Anmuth was also pleased that EBITDA was better than guidance and Peloton’s stated commitments to improve margins and cost structure. He said moving to charge delivery fees should bolster gross margins, and shifting toward 3PLs should “significantly reduce” delivery costs as he estimates 1P delivery is likely two times the cost of 3P. Anmuth also cited other potential benefits to margins, including normalized marketing spend during Peloton’s fiscal second half, favorable freight contracts, as well as moves to reduce headcount and slow or close showrooms.
At Credit Suisse, Kaumil Gajrawala kept its “Neutral” rating and lowered its price target to $30 from $50. The analyst had downgraded the stock to “Neutral” on December 10.
In his note Friday, Gajrawala said the second-quarter preliminary results “were not as bad as feared,” and further indications of an increased focus on profitability were expected given the slowdown.
He wrote, “This is just the latest in the compounding negative effect on the brand: in our view, strategy has been shifting since as early as the Tread+ recall in August. Since then, the company has experienced price reductions, price increases, product delays (Guide, Tread+), and controversial third-party PR. Altogether, the reactive responses to various pressures create a “show-me” story for medium-term valuation.”

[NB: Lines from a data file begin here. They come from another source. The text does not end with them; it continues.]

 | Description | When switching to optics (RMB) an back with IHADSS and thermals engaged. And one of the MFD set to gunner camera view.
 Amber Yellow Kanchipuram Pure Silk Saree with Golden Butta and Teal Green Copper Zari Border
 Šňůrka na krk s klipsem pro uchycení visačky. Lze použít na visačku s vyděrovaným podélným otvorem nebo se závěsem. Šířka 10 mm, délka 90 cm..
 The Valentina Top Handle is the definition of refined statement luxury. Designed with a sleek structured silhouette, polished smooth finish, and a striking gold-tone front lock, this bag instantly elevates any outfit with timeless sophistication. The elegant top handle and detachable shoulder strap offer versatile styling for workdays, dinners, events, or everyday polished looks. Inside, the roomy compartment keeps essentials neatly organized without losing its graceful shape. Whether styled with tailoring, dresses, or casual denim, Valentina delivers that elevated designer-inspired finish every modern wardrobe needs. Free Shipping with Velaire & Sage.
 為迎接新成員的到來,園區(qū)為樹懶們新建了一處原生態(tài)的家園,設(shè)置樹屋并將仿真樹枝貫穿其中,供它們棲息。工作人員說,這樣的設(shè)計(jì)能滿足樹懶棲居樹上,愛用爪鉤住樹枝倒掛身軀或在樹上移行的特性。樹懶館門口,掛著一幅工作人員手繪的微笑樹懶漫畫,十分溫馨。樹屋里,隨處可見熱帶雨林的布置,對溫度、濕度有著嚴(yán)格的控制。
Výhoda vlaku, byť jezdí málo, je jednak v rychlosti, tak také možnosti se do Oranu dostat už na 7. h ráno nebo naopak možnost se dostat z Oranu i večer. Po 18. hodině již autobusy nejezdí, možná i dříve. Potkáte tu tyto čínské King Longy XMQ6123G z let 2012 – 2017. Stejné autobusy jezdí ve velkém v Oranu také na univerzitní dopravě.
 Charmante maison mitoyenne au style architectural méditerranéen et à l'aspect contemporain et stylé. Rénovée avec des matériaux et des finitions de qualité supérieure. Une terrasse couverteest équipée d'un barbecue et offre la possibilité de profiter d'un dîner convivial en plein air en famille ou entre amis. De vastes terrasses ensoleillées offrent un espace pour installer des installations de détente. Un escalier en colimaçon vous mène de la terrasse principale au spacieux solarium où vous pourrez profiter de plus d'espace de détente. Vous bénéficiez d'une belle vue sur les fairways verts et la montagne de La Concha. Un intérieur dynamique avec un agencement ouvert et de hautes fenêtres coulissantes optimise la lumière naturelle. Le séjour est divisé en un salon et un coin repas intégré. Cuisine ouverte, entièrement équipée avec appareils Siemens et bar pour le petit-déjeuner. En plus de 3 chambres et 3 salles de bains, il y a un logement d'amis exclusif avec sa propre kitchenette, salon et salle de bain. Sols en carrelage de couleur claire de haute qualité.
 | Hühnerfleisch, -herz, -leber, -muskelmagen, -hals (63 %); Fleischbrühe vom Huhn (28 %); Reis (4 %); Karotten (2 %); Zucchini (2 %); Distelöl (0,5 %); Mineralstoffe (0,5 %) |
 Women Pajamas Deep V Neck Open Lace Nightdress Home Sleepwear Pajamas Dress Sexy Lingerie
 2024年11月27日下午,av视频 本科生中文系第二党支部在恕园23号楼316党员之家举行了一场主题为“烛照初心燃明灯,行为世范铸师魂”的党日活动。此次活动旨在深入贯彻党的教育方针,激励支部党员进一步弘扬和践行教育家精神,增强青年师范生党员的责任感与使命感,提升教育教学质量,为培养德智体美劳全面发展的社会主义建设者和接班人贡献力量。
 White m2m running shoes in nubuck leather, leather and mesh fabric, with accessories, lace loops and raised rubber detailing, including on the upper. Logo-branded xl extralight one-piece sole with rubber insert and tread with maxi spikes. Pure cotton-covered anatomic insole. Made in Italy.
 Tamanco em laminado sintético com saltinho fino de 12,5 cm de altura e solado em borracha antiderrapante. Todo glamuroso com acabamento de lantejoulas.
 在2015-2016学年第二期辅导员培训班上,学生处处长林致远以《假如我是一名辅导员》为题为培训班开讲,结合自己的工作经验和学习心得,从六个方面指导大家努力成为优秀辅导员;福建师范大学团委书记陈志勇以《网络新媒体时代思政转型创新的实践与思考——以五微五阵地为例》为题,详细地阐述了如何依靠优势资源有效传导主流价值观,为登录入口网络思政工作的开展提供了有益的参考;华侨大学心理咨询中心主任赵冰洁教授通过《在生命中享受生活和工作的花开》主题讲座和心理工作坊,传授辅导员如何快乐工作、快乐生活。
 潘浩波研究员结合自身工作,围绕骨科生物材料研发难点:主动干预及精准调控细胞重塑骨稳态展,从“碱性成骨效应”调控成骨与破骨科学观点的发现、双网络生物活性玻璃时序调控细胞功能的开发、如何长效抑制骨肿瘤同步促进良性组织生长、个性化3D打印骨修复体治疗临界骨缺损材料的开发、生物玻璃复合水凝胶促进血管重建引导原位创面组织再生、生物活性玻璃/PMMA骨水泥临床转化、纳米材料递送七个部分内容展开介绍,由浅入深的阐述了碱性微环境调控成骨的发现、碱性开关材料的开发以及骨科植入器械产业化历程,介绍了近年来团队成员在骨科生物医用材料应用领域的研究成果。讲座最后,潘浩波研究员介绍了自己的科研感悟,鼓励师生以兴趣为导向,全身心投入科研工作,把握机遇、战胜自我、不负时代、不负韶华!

UBS reiterated its “Sell” rating at a $30 price target. UBS has had a “Sell” rating on Peloton since January 2021.
UBS analyst Arpiné Kocharyan in a note Friday noted said Peloton’s preliminary results did not include an update to FY guidance and he reiterated his previous contention that visibility into fiscal second half net additions to connected fitness subscribers is critical to the stock valuation. The analyst expressed concerns that moves to optimize cost structure and scale back marketing might overly weigh on subscriber growth.
Wrote Kocharyan in the note, “We believe FY subs growth could come in below now lower expectations. Additionally, we do not believe profitability for the back half is attainable, so while connected fitness subscriber growth remains the key factor driving EV to sales valuation framework for PTON, we believe investor focus on operating cash could bring the Peloton debate back to the question of profitability.”
Baird reiterated its “Outperform” rating at a $70 price target. The firm plans to reassess its profit projections and $70 target assumptions following the second-quarter report.
Analyst Jonathan Komp favorably called out the better-than-modeled FQ2 results and management signaling new daily records for workouts. He wrote in a note, “With efforts underway to improve gross margin and to pursue a more variable cost structure, we think the company is taking the right initial steps to address a bloated cost base. While time will be needed to restore investor confidence, current levels appear to undervalue PTON’s high-growth, high-margin, high retention subscriber base, with additional detail on restructuring the next potential catalyst.”